Yin-Yang in Selling: Win-Win…

Underlying every sales engagement must be a commitment to a Win-Win selling philosophy. In Win-Win selling, both the buyer and the seller come out of the sale understanding that their respective best interests have been served; in other words that they’ve both won. Over the long run, the only sellers who can count on remaining successful are those that are committed to balancing the “Yin and Yang” and developing a Win-Win relationship.

In this era of intense competition and sophisticated customers, the success of a sales professional cannot rely, practically speaking, on “taking the order and run”. It’s doubtful that it was ever enough simply to “win the order and leave”, but certainly it’s not enough today. Today, to ensure that your success will last from customer-to-customer and order-to-order the sales organization must have a greater outcome:

  • Satisfied Customers
  • Long-term Business Relationships
  • Solid, Repeat Sales
  • Customer Referral

If you don’t consistently and predictably get these four outcomes from your sales calls, then sooner or later your business will be nothing but a series of one-night stands. You may be writing orders at a record pace, but in today’s market that pace will not last. That’s major paradox of modern selling: salespeople who “take money and run” eventually finds themselves running in-place.

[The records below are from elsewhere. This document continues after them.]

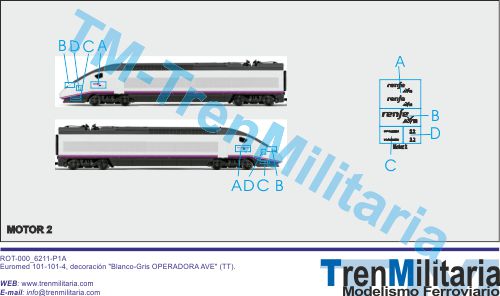 | Referencia TT-RE-000_0012 Automotor electrico RENFE 100-119-4 (TT), en decoración Blanco-Gris OPERADORA AVE | 7,15 € |
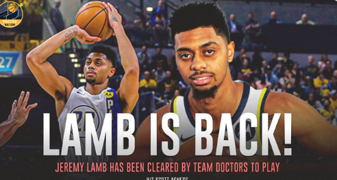 博球00701月21日讯 步行者在今日比赛中112-124不敌独行侠。赛后,步行者球员杰里米-兰姆接受了采访。 兰姆透露,他大约在一星期前知
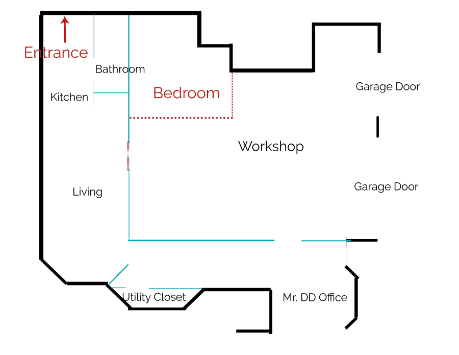 See the changes in “red” This was our first plan for HOF Hideaway. We were adding an entrance and taking a small portion of my workshop to add a bedroom.
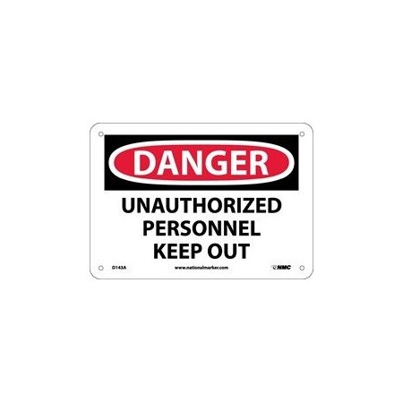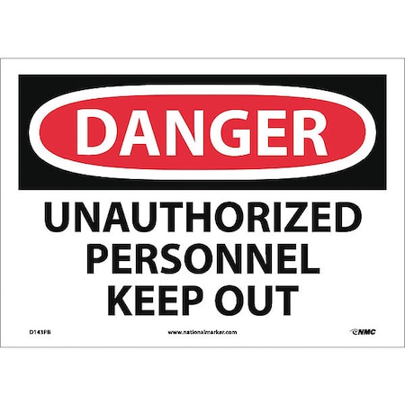 NMC D143PB DANGER - UNAUTHORIZED PERSONNEL KEEP OUT Signage - 14in. x 10in. Danger Signage with PS Vinyl, Black/White Text on White/Red Base

The salesperson who knows that getting the order is only the beginning finds not only that he’s writing more orders but that those orders are the foundation for a solid relationship.  In fact, these orders are linking him up to an ever expanding network of future business.

The reason is implicit in the nature of selling itself. In selling, two parties; a buyer and a seller, have to come to an agreement. This means every sales transaction involves a mutual dependence. The philosophy of Win-Win selling or balancing the Yin-Yang recognizes the mutual dependence and gives you a reliable method for building on it for the long term.

“Yang” in martial arts refers to the hard, rigid and aggressive (or assertive) style of action, and “Yin” refers to soft, flexible and receptive behavior… In sales, the traditional aggressive sales person or “Yang” using the old “show & tell the features & benefits”, grab-bag of hooks, lines and clinchers and the time-worn approach of “get the order at any cost” are becoming extinct. Increasing customer demands for sales people to be more attentive to their needs and more responsible for valued results. That requires sales people to adopt a selling process that is customer-focused and fully consistent for developing a Win-Win relationship.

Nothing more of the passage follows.